Concerning the main Item table, if you expect just two different values for the kind of procurement, then I would use a char(1) column (varying from B => bougth, I => inherited).
I would looks like this:
The data would then look like this:
| ID | Mass | ProcurementMethod |
| 0 | 2 | I |
| 1 | 13 | B |
| 2 | 5 | B |
TABLE ItemProcurement
| ItemID | CurrencyID | Amount |
| 1 | 840 | 47.20 |
| 2 | 826 | 3.10 |
TABLE Currencies
| CurrencyID | ISOCode | Description |
| 840 | USD | US dollars |
| 826 | GBP | British Pounds |
Not only Amount, everything is dependent on ItemID, as this seems to be a candidate key.
The dependence you have is that Currency and Amount are NULL (I guess this means Unknown/Invalid) when the Procurement is 'inherited' (or 0 cost as pointed by #XIVsolutions and as you mention "inherited items have no monetary cost")

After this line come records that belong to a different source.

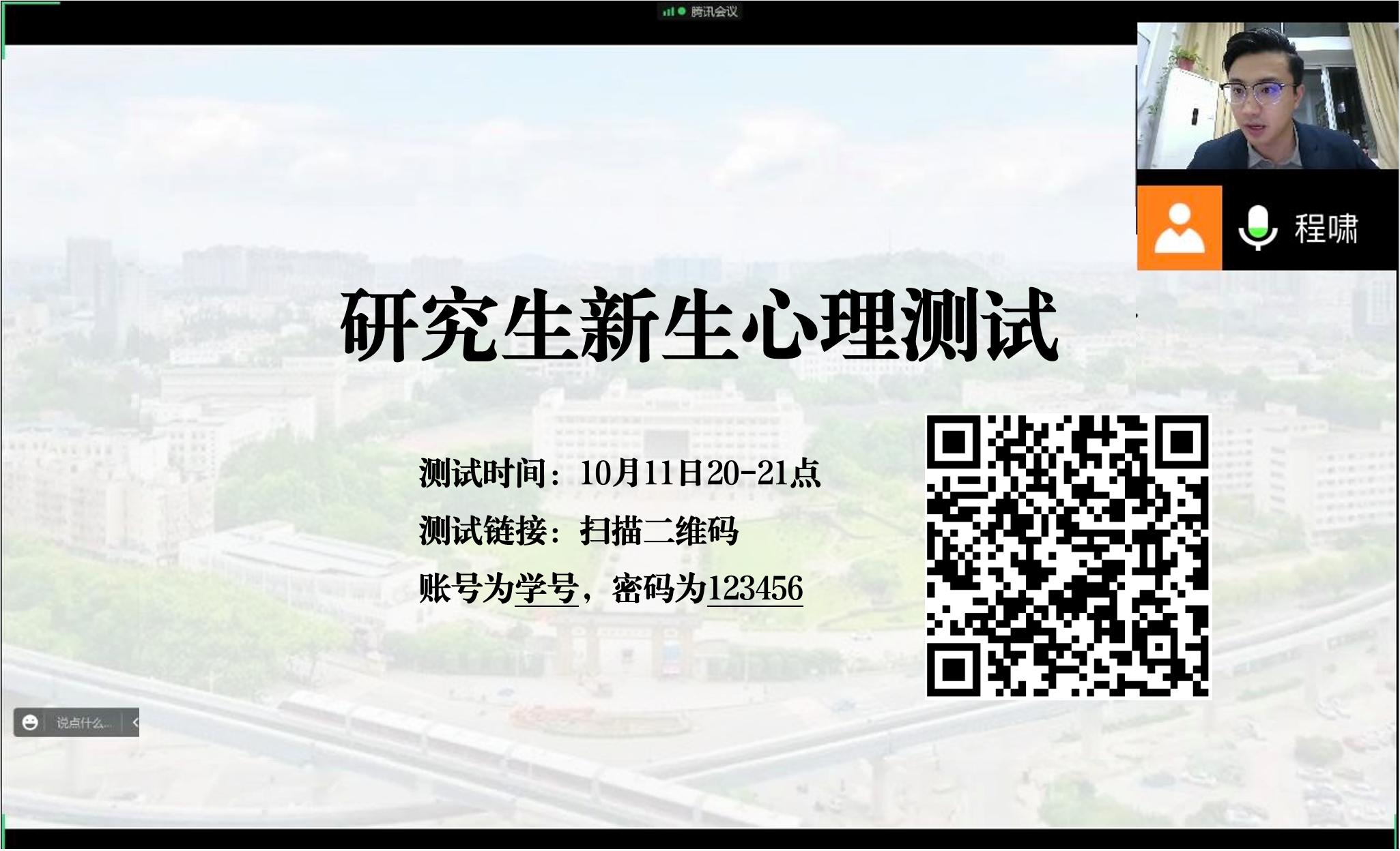 疫情防控形势严峻,10月10日,教科院组织开展2022级研究生线上心理健康普测工作,研究生辅导员程啸强调心理普测的重要性,并建议同学们在测试时尽量保证不受外界干扰,做到有效测试,提高普测信息的真实性。此次心理健康普测工作既帮助研究生全面、客观地认识自己,又为学院心理健康教育工作提供了数据参考,进一步了解研究生的心理状况,完善研究生心理档案。
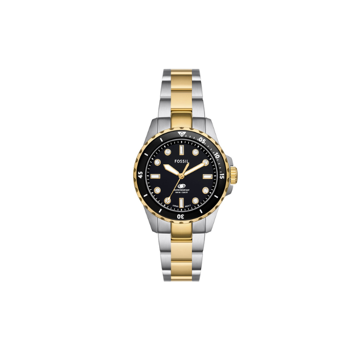 Fossil Blue Dive ženski kvarcni sat ima 36mm srebrno kućište, crni brojčanik, mineralno staklo i bikolornu narukvicu od nerđajućeg čelika.
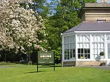 The Mansion House is a large stone two- and three-storey house in Greek Revival style with a view over the Upper Lake, built from 1811 to 1826. It was built for Thomas Nicholson and his wife Elizabeth, who took up residence in 1816. It had three carriage houses and stabling for 17 horses. It was bought by the City of Leeds in 1871, and the sale document noted that the principal rooms on the ground floor were 13 feet high, and on the first floor were 17 bedrooms and 2 water-closets.[2]
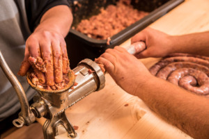 Než budeme plnit klobásy, nachystáme si jemně mleté hovězí maso z krku, přidáme k naloženému vepřovému masu. Hovězího masa nedáváme víc. Mele se najemno aby směs lépe pojila. Odvážíme zbytek koření a přidáme ke směsi. Kmín dáváme až v závěrečné fázi, aby maso nekvasilo.
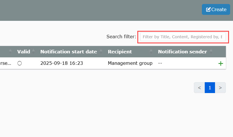 You can search for notices using the search filter in the upper right corner of the "Manage Notices" screen.
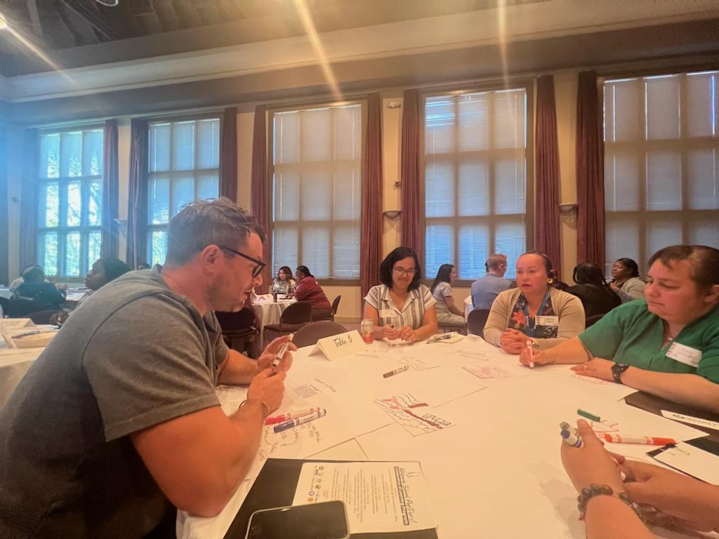 The name World Café reflects a casual, collaborative spirit, where small groups explore topics from different perspectives. To ensure diverse viewpoints were represented, FIA’s Director of Partnerships and Organizing, Tania Gutiérrez, structured each table with a mix of principals, teachers, parent coordinators, district leaders, funders, and parents.
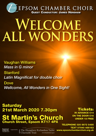 Inspiring the title of Epsom Chamber Choir’s spring concert is music by contemporary British composer Jonathan Dove. It isn’t the only work expressing spiritual wonder, however: included on the bill are Vaughan Williams’ Mass in G minor, Stanford’s Latin Magnificat and John Tavener’s Hymn to the Mother of God.
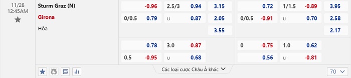 Tip kèo Châu Á full trận Sturm Graz vs Girona
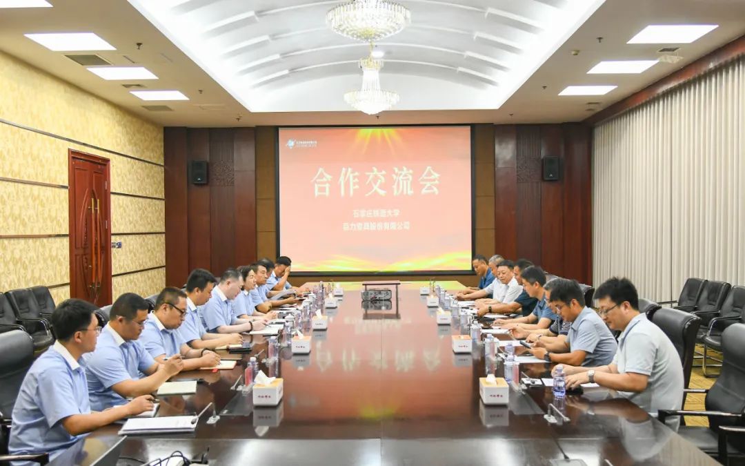 2023年7月4日,石家莊鐵道大學土木工程學院韓東海書記一行10人到訪巨力索具,雙方就產學研合作和黨建工作進行交流座談,舉行了戰略框架協議簽字儀式暨石家莊鐵道大學產學研基地授牌儀式。巨力索具常務副總裁李彥英、集團黨委副書記李天明、副總裁亢永剛接待并出席儀式。
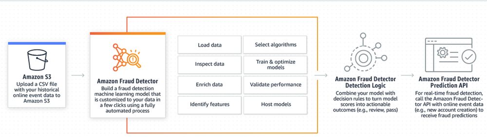 Amazon Fraud Detector 自动处理构建、训练、调优和部署欺诈检测模型所需的复杂任务,从而使反欺诈团队能更快速地行动。创建模型之后,他们能够创建、查看和更新规则来启用基于模型预测的操作,而无需依赖其他人的帮助。
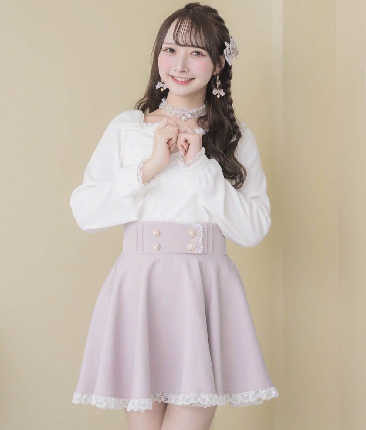 パール釦フレアスカー...
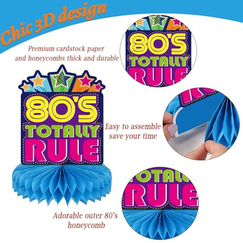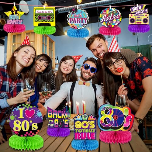 - Great 80's party supplies: these 80's retro table centerpieces exquisitely designed with interesting elements so that everyone will love these chic designs. Decorating your home and party with our honeycomb centerpieces will be a big hit at your party.
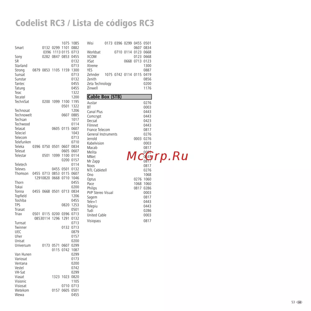 Loewe Spheros R 37 [53/54] Codelist rc3 lista de códigos rc3
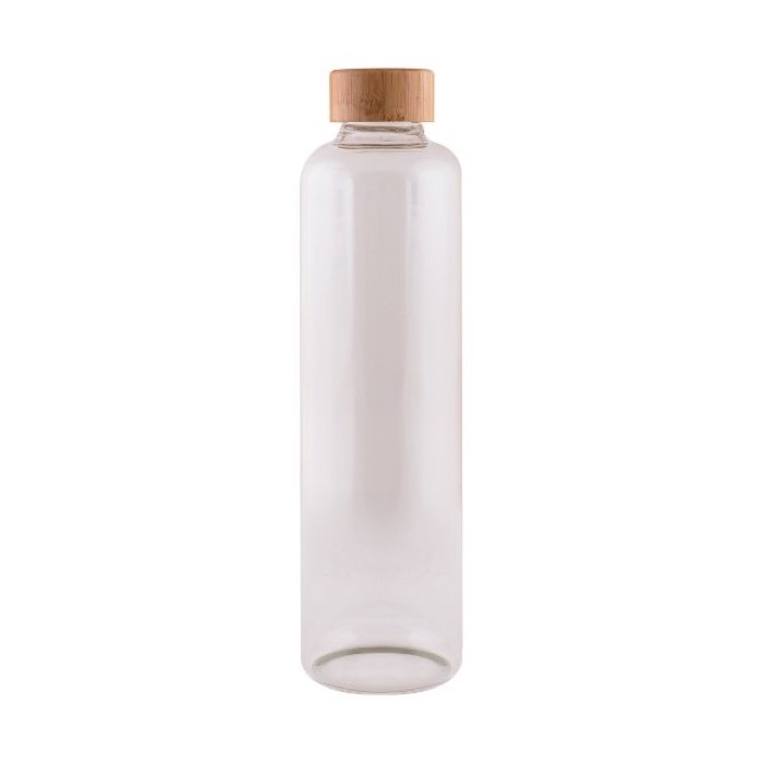 Botella de 1 litro en borosilicato de alta calidad, con tapón de bambú. Resistente y ligera, ideal para mantener tus bebidas frescas y sabrosas durante todo el día. Perfecta para personalizar.
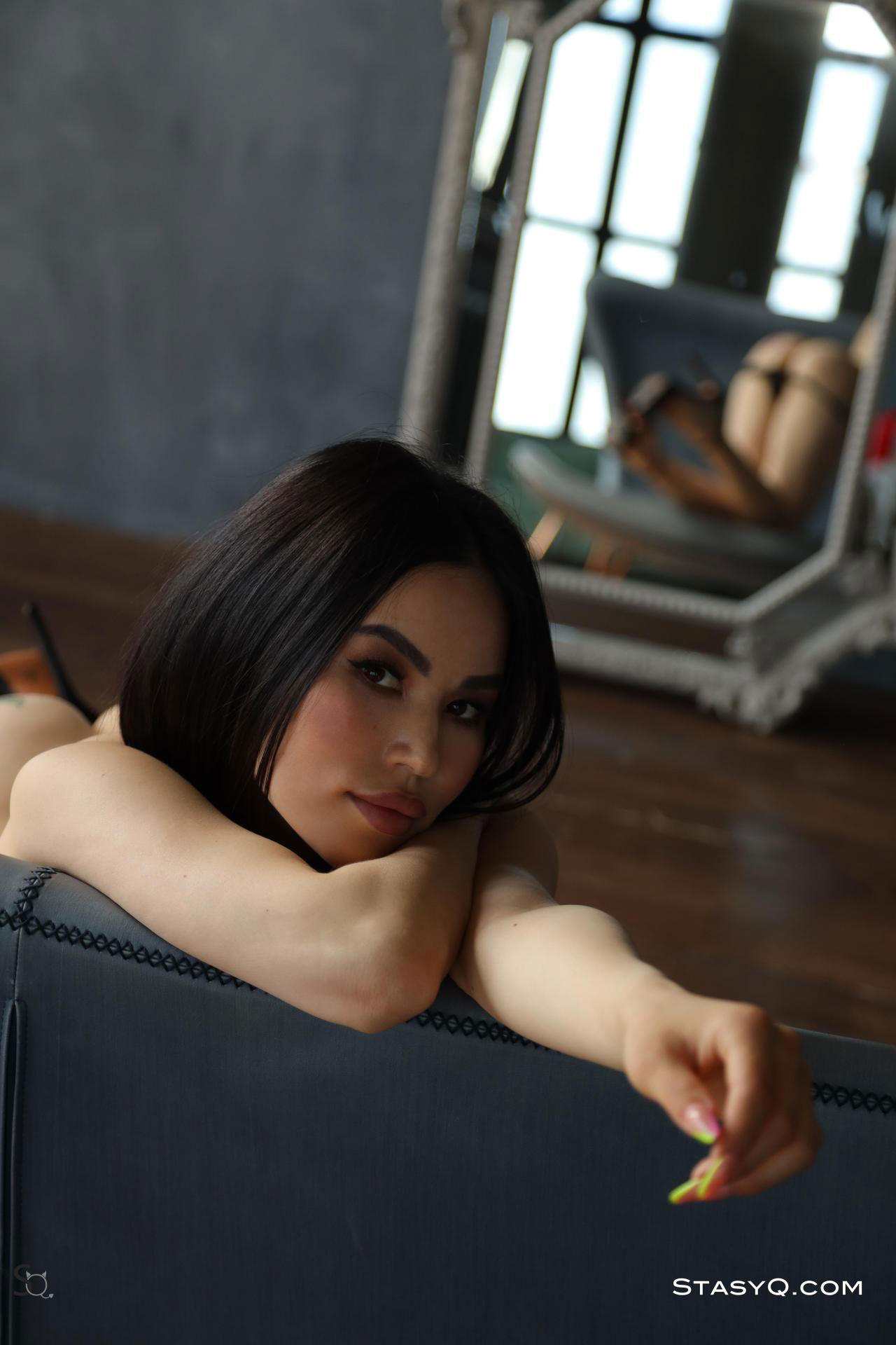 More now from the increasingly popular StasyQ collection and today we have a real treat for you. This is the adorable AiculQ who is a beautiful brunette with an amazing sexy figure who puts on a very stylish photo shoot and throws in some wonderful poses too. AiculQ looks very relaxed as she lays on the sofa then gives us our first treat of the session by lifting her black dress to display her amazing tushy. Later she stands in just her black bra and panties and squeezes her boobs together, then bends over with the reflection in the mirror behind showing her black panties pulled down. We then see AiculQ completely naked as she lays on the chair with a final treat of a nice view of her cute cherry tattoo on her right butt cheek. AiculQ is one of the many beautiful models they have on the StasyQ site and if you would like to see them or even the more revealing pictures of AiculQ that we couldn’t publish, then just click away at these pics and get yourself over to StasyQ. You’re going to love it !
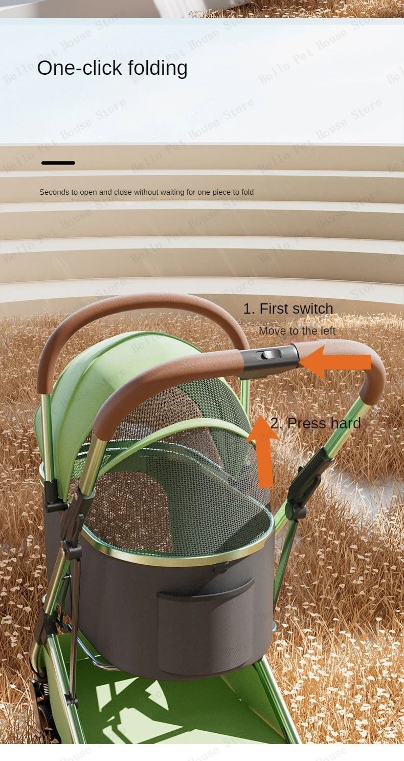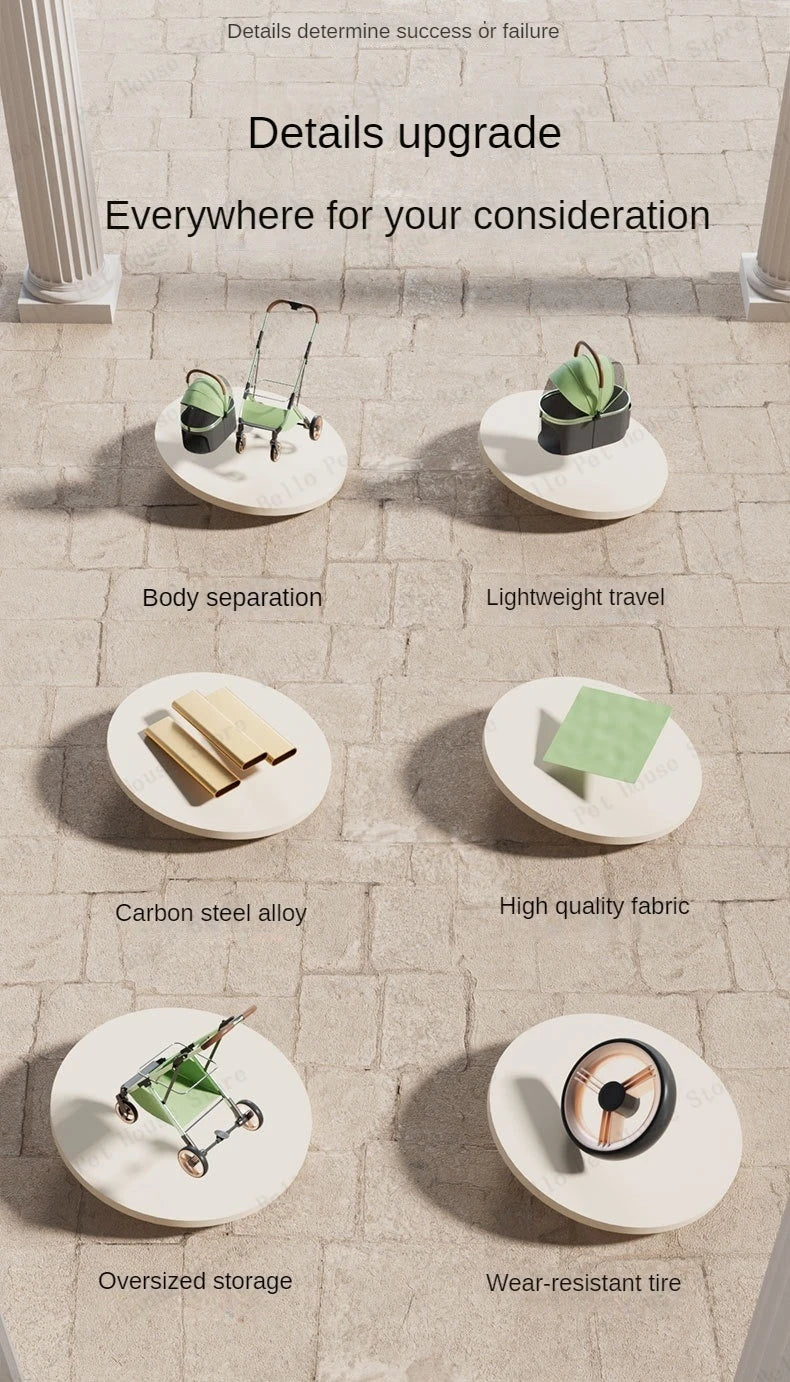 Detachable Pet Stroller Ultra-light Portable Outdoor Cat and Dog Stroller Aluminum Alloy Frame Four-wheel Shock Absorber
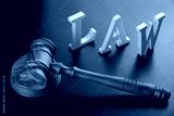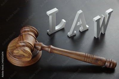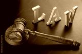 White Sign Law And Judges Gavel On Black Background
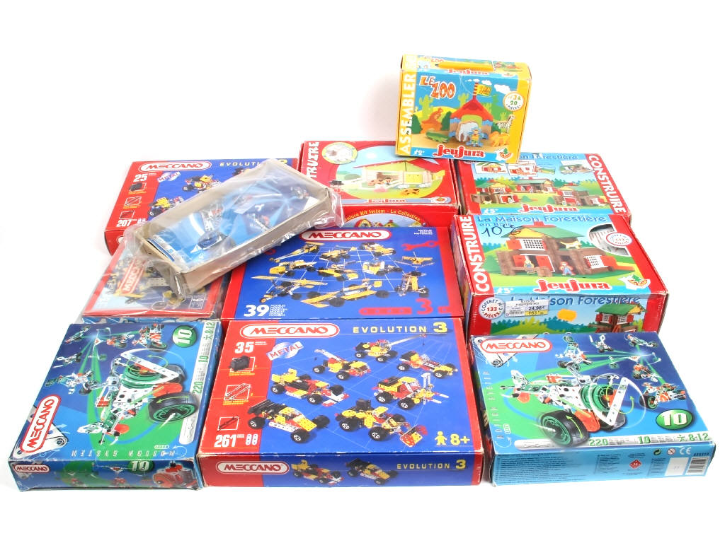 fabrication en plastique, métal & bois - on y retrouve les marques : JEUJURA & MECCANO - avec manques, parties cassées & déformations - les boîtes sont en états 'b' & 'e'
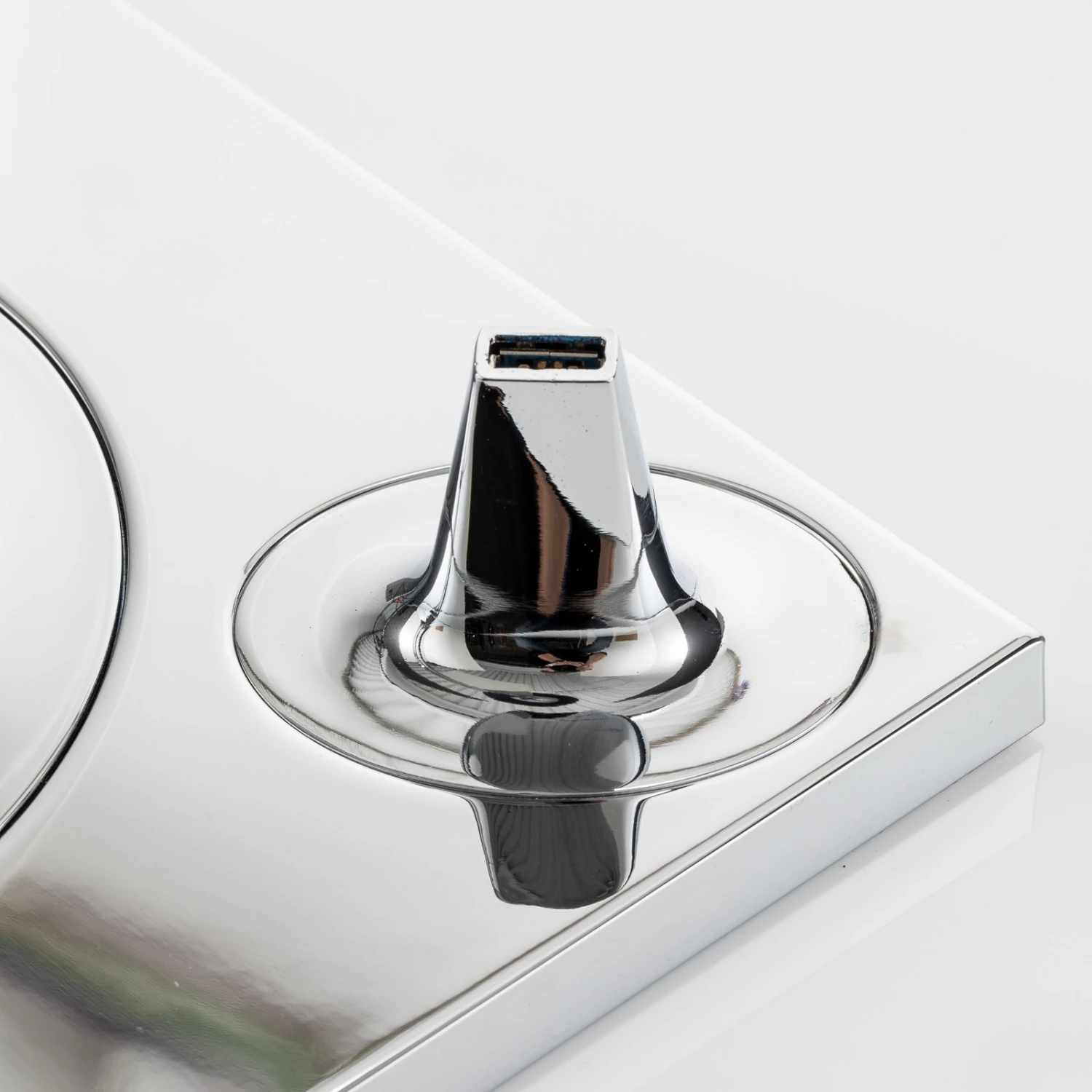 Praktisch, funktional, am Puls der Zeit: mit der Stehleuchte Bibliothèque Nationale hat der Designer Philippe Starck ein exklusives Designobjekt geschaffen, das auf allen Ebenen begeistert. Eigentlich fast klassisch im Design, sind es die Details, die den Charme der Leuchte ausmachen: mehrere Ablagen aus Edelstahl zieren das Gestell und bieten genug Platz um Bücher, Handy oder gar einen Tablet-PC immer griffbereit zu haben. Für letztere befindet sich am Lampenfuß eine USB-Buchse, die als Ladestation für alle gängigen Smartphones (inkl. iPhone 5) dient.
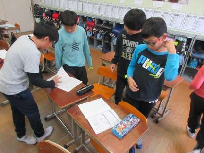 友だちのノートを見ながら,自分の学習に生かせるところを探しています。

In other words, iems are divided into two types (of procurements) and items of one of the two types do not have all attributes.
This can be solved with a supertype/subtype split. You have a supertype table (Item) and two subtype tables (ItemBought and ItemInherited), where each one of them has a 1::0..1 relationship with the supertype table. The attributes common to all items will be in the supertype table and every other attribute in the respecting subtype table:
ItemID Mass Procurement
0 2kg inherited
1 13kg bought
2 5kg bought
3 11kg inherited
4 9kg bought
ItemID Currency Amount
1 US dollars 47.20
2 British Pounds 3.10
4 US dollars 1.32
If there is no attribute that only inherited items have, you even skip the ItemInherited table altogether.
For other questions relating to this pattern, look up the tag: Class-Table-Inheritance. While you're at it, look up Shared-Primary-Key as well. For a more concpetual treatment, google on "ER Specialization".
Here is my off-the-cuff suggestion:
UPDATE: Mass would be a Float/Decimal/Double depending upon your Db, Cost would be whatever the optimal type is for handling money (in SQL Server 2008, it is "Money" but these things vary).
ANOTHER UPDATE: The cost of an inherited item should be zero, not null (and in fact, there sometime IS an indirect cost, in the form of taxes, but I digress . . .). Therefore, your Item Table should require a value for cost, even if that cost is zero. It should not be null.
Let me know if you have questions . . .
Why do you need to normalise it?
I can see some data integrity challenges, but no obvious structural problems.
The implicit dependency between "procurement" and the presence or not of the value/currency is tricky, but has nothing to do with the keys and so is not a big deal, practically.
If we are to be purists (e.g. this is for homework purposes), then we are dealing with two types of item, inherited items and bought items. Since they are not the same type of thing, they should be modelled as two separate entities i.e. InheritedItem and BoughtItem, with only the columns they need.
In order to get a combined view of all items (e.g. to get a total weight), you would use a view, or a UNION sql query.
If we are looking to object model in the database, then we can factor out the common supertype (Item), and model the subtypes (InheritedItem, BoughtItem) with foreign-keys to the supertype table (ypercube explanation below is very good), but this is very complicated and less future-proof than only modelling the subtypes.
This last point is the subject of much argument, but practically, in my experience, modelling concrete supertypes in the database leads to more pain later than leaving them abstract. Okay, that's probably waaay beyond what you wanted :).